Il ritorno auspicato dei "liberali d'Italia"

In un articolo di fondo di qualche giorno fa, il direttore de L'Opinione Arturo Diaconale ha sollecitato Silvio Berlusconi a intraprendere la strada della discontinuità politica abbracciando una linea chiaramente ed esplicitamente liberale. Non si tratterebbe, però, di una mera svolta economica o finanziaria quanto, piuttosto, di una scelta "di natura politica". L'invito che emerge è quello di avviare "il taglio chirurgico dei cancri burocratici-amministrativi".
La lettura dell'articolo di Diaconale mi ha fatto venire in mente un libro e una citazione: "Lo scontro tra idee non è un dramma, quanto piuttosto un'opportunità". È un frase di Alfred North Whitehead, che ben sintetizza l'ultimo libro di Dario Antiseri e Corrado Ocone: "Liberali d'Italia" (Rubbettino, pagg. 71, euro 7,00). Si tratta di un breve pamphlet sul pensiero liberale in Italia, impreziosito da una prefazione di Giulio Giorello e costruito con il metodo del dialogo e del contraddittorio tra i due autori. E così, la prima parte porta avanti le tesi del saggista e pubblicista Corrado Ocone mentre la seconda è una risposta di Antiseri alle riflessioni e alle analisi storiche esposte nella prima parte da Ocone. L'espediente del contraddittorio diventa, in definitiva, un felice e opportuno viatico capace di offrire al lettore una dimostrazione concreta di come i liberali non appartengono a nessuna Chiesa ideologica. Avrei aggiunto al libro, però, un capitolo specifico dedicato ai Radicali. Purtroppo, infatti, quello che il pamphlet non dice è che i Radicali di Marco Pannella e di Emma Bonino hanno imparato più dai fallimenti che dai successi. Come accade quando si ha uno spirito liberale. Anche perché, seguendo il monito che Pier Paolo Pasolini scrisse nel suo testamento politico del 1975, i Radicali sono stati abituati a "dimenticare subito i grandi successi" e a valorizzare gli errori o i fallimenti. Per correggersi e per evitare di commetterli di nuovo. È un approccio liberale che i Radicali non hanno mai dismesso. Questo ulteriore capitolo avrebbe senz'altro aggiunto al lettore un ulteriore elemento di comprensione. Il libro è quasi un bignami, ma elaborato in modo non semplicistico quanto, piuttosto, in maniera da andare in profondità, così da scandagliare i fondali e i fondamenti della storia e del pensiero liberale.

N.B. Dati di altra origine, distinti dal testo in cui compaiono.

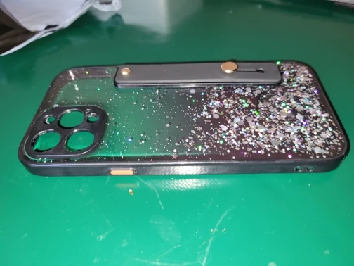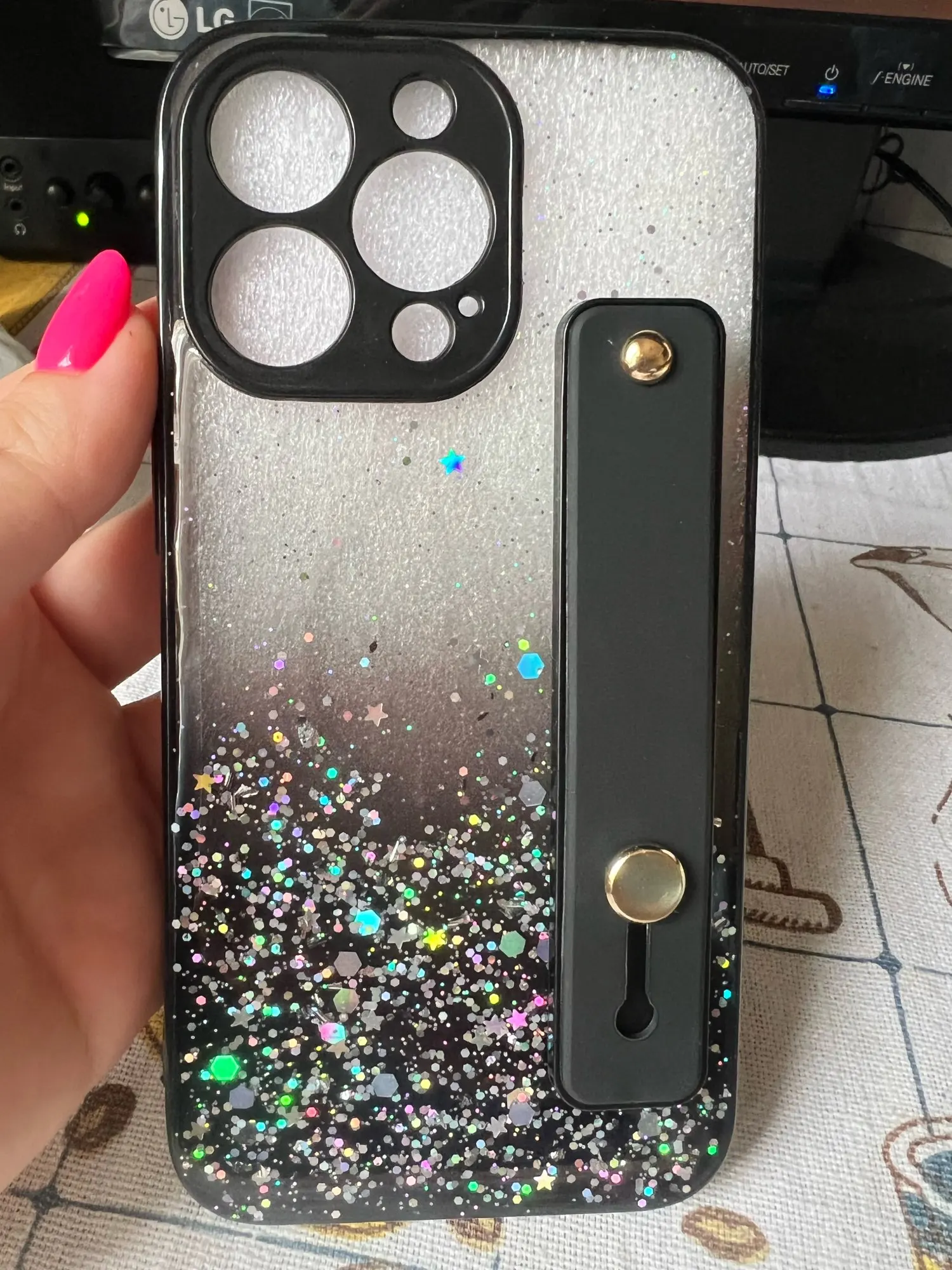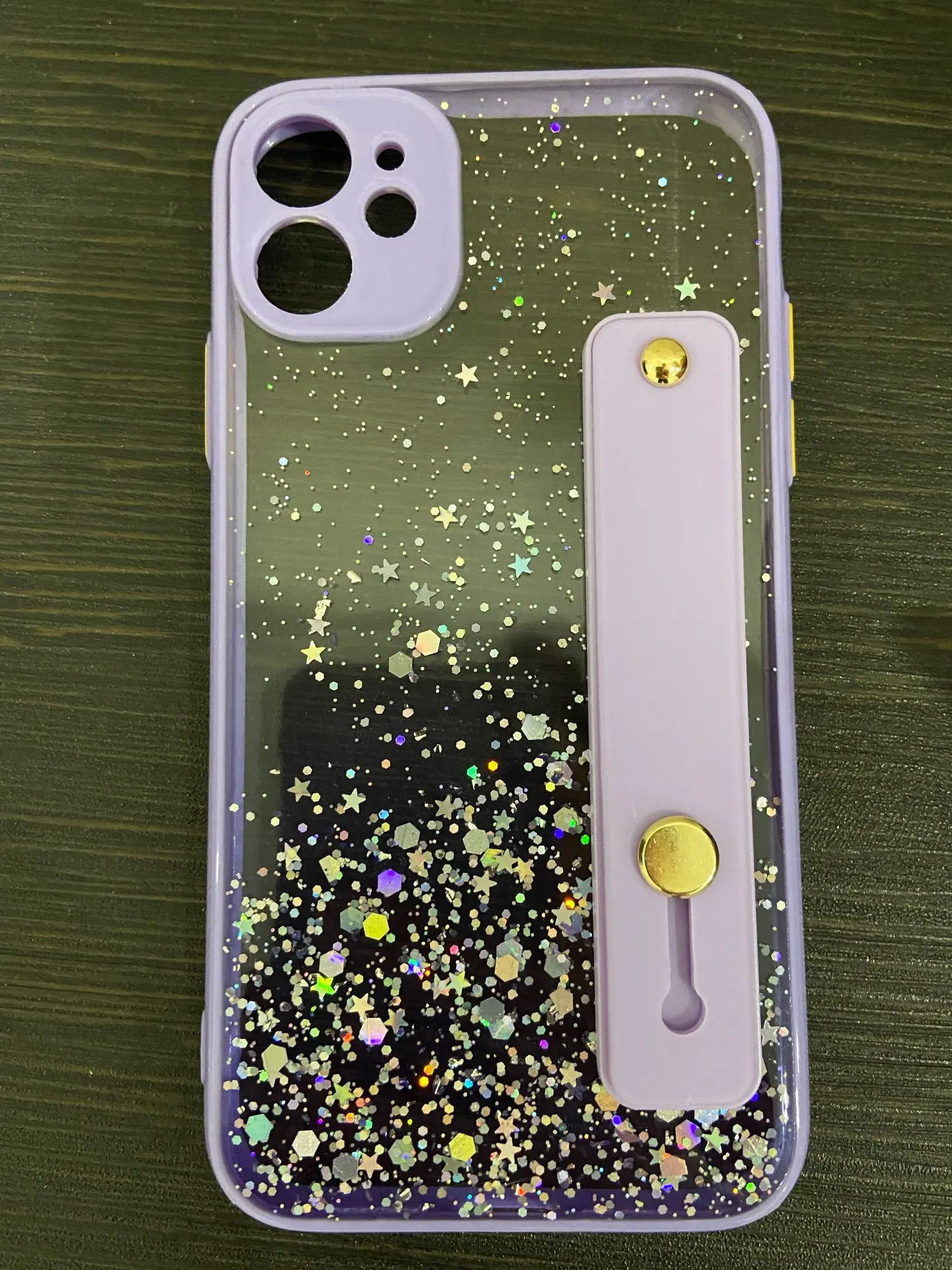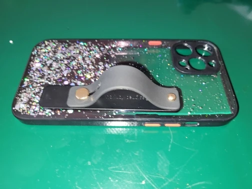Хороший чехол, но держатель слишком маленький и не совсем удобный. В прозрачной части впечатан когда то живой комар темного цвета и среди блёсток теперь парк юрского периода
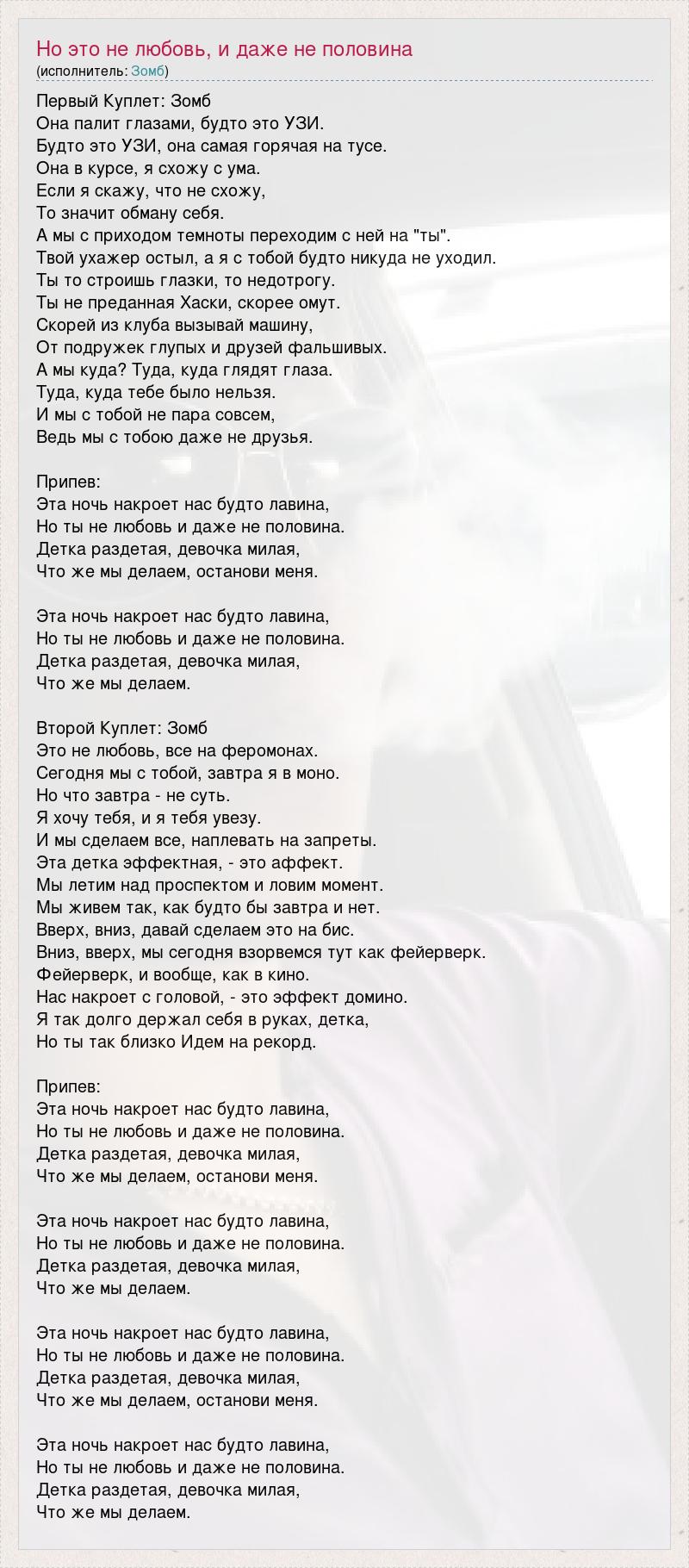 Первый Куплет: Зомб Она палит глазами, будто это УЗИ. Будто это УЗИ, она самая горячая на тусе. Она в курсе, я схожу с ума. Если я скажу, что не схожу, То значит обману себя. А мы с приходом темноты переходим с ней на "ты". Твой ухажер остыл, а я с тобой будто никуда не уходил. Ты то строишь глазки, то недотрогу. Ты не преданная Хаски, скорее омут. Скорей из клуба вызывай машину, От подружек глупых и друзей фальшивых. А мы куда? Туда, куда глядят глаза. Туда, куда тебе было нельзя. И мы с тобой не пара совсем, Ведь мы с тобою даже не друзья. Припев: Эта ночь накроет нас будто лавина, Но ты не любовь и даже не половина. Детка раздетая, девочка милая, Что же мы делаем, останови меня. Эта ночь накроет нас будто лавина, Но ты не любовь и даже не половина. Детка раздетая, девочка милая, Что же мы делаем. Второй Куплет: Зомб Это не любовь, все на феромонах. Сегодня мы с тобой, завтра я в моно. Но что завтра - не суть. Я хочу тебя, и я тебя увезу. И мы сделаем все, наплевать на запреты. Эта детка эффектная, - это аффект. Мы летим над проспектом и ловим момент. Мы живем так, как будто бы завтра и нет. Вверх, вниз, давай сделаем это на бис. Вниз, вверх, мы сегодня взорвемся тут как фейерверк. Фейерверк, и вообще, как в кино. Нас накроет с головой, - это эффект домино. Я так долго держал себя в руках, детка, Но ты так близко Идем на рекорд. Припев: Эта ночь накроет нас будто лавина, Но ты не любовь и даже не половина. Детка раздетая, девочка милая, Что же мы делаем, останови меня. Эта ночь накроет нас будто лавина, Но ты не любовь и даже не половина. Детка раздетая, девочка милая, Что же мы делаем. Эта ночь накроет нас будто лавина, Но ты не любовь и даже не половина. Детка раздетая, девочка милая, Что же мы делаем, останови меня. Эта ночь накроет нас будто лавина, Но ты не любовь и даже не половина. Детка раздетая, девочка милая, Что же мы делаем.

La scelta degli autori, comunque, non è un mero e sterile percorso breve, non è un riassunto, quanto piuttosto una summa che individua i punti salienti della filosofia e dell'azione liberale del Novecento italiano. Si va da Benedetto Croce a Luigi Einaudi, da Gaetano Salvemini a Carlo Rosselli, da Guido Calogero ad Aldo Capitini, da Altiero Spinelli a Ernesto Rossi, da Luigi Sturzo a Giovanni Amendola, da Piero Gobetti a Mario Pannunzio. C'è tutta la cultura liberale che appartiene pienamente e, spesso, direttamente ai Radicali. Infatti, molti di questi nomi sono nomi Radicali. Ma gli autori sembrano dimenticarlo. Eppure lo stesso Pasolini, non a caso, alla fine degli anni cinquanta, arrivò a definire i Radicali come "coscienze serve della norma e del capitale". È forse un'espressione un po' troppo ingenerosa perché esaspera un connotato liberale dei Radicali portando all'eccesso una verità: cioè, che la storia dei Radicali interpreta e recupera sia un nobile filone liberale e liberista sia l'influenza azionista e del socialismo libertario e sia l'insegnamento della destra storica di Cavour e di Silvio Spaventa. Insomma, Ocone e Antiseri dimenticano una parte essenziale della loro stessa indagine storica e filosofica. Peccato. Perché l'idea di questo pamphlet è ottima. Invece, l'idea che gli autori hanno dei Radicali rimane sconosciuta se non, addirittura, distorta o negata.
La discontinuità liberale, invece, di cui il nostro Paese ha estremo bisogno, si può conquistare soltanto attraverso la conoscenza, la ricerca delle verità e la circolazione delle idee.